# UHMW adhesive



## mmalinco (Jun 12, 2012)

Has anyone had experience using contact cement to attach UHMW to a jig?


----------



## jd99 (Jun 17, 2009)

It's an old article, but it says it's possible.

Gluing UHMW (ultra high molecular weight) plastic | Articles | Woodworker's Journal eZine

Ive never found anything to stick for very long.


----------



## OPG3 (Jan 9, 2011)

I am in the concrete formwork business (among several other things) and my forms are made from Structural Foam - 45% Recycled Content - HDPE (High Density PolyEthylene). We do up to $20m business per year and have sent-out feelers in all directions in search of an adhesive. If we could find an adhesive for HDPE that could hold-up to the jobsite abuse in the concrete formwork arena, it could be worth a fortune to me. There are adhesives that will stick them together - but not good enough for my business that we have located as of today. My [consultant] polymer chemist has been working on this for years, but nothing yet has held-up to our testing. With concrete forms, plastic forms must be stronger than the Hydrostatic Loads would dictate - due to the heat of hydration of the concrete - up to 180F - which fatigues the matrix. My forms do incorporate heat dissipation fins. Check with US Plastics on the web, they will have it if anyone does - but don't expect it to be as strong as the plastic itself.
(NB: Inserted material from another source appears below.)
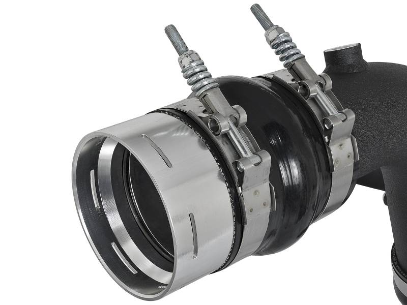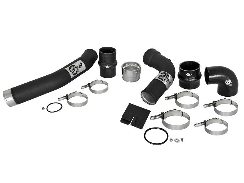 Flow and Performance: Constructed of mandrel bent, powder-coated aluminum tubing for maximum flow. The smooth transition bends decrease turbulence and minimize pressure loss, increasing horsepower, torque and lowering EGT's. Perfect Fit: Utilizes the factory mounting locations to provide stability for a hassle-free installation. Includes high quality stainless steel spring loaded t-bolt clamps and heavy-duty 5-Ply couplings for strength. This intercooler tube kit comes with two billet aluminum factory style quick-connect adapters that interface with the factory turbo and engine inlet to ensure a perfect seal. aFe Badging: A unique aluminum laser-cut aFe power logo plate is welded-on for an aggressive style.

On another related subject, plastic can be fusion welded; I've utilized fusion welding in tests and got good results, but it is more expensive than the bolted connections we are currently using. The very best fusion welding does not use "Prescriptive Rods", but rather uses melted shavings from the exact plastic being used - this was the only way we found to get a super-strong bond capacity.

Good Luck!


----------



## Noob (Apr 18, 2009)

How thick does it need to be? If it's on the bottom of a jig to help it slide better, they UHMW in very thin strips (.020"?). Otherwise you'll have to counterbore or countersink it for screws. If you don't want the screws to show or you need the face to be without holes, just make keyholes on the back of the UHMW if it's thick enough.


----------



## mmalinco (Jun 12, 2012)

Thank you for your help to everyone that replied with suggestions, in particular thank you Paulo (ID: Noob).

I have since I initially posted this query done some experimenting. I found a readily available adhesive that works very well, Loctite PowerGrab. I have also found that even 1/8" thick UHMW plastic sheets are thick enough to countersink a #6 flat head wood screw.

Michael


----------



## Chris Curl (Feb 13, 2012)

mmalinco said:


> Thank you for your help to everyone that replied with suggestions, in particular thank you Paulo (ID: Noob).
> 
> I have since I initially posted this query done some experimenting. I found a readily available adhesive that works very well, Loctite PowerGrab. I have also found that even 1/8" thick UHMW plastic sheets are thick enough to countersink a #6 flat head wood screw.
> 
> Michael


good info, thanks for the update


----------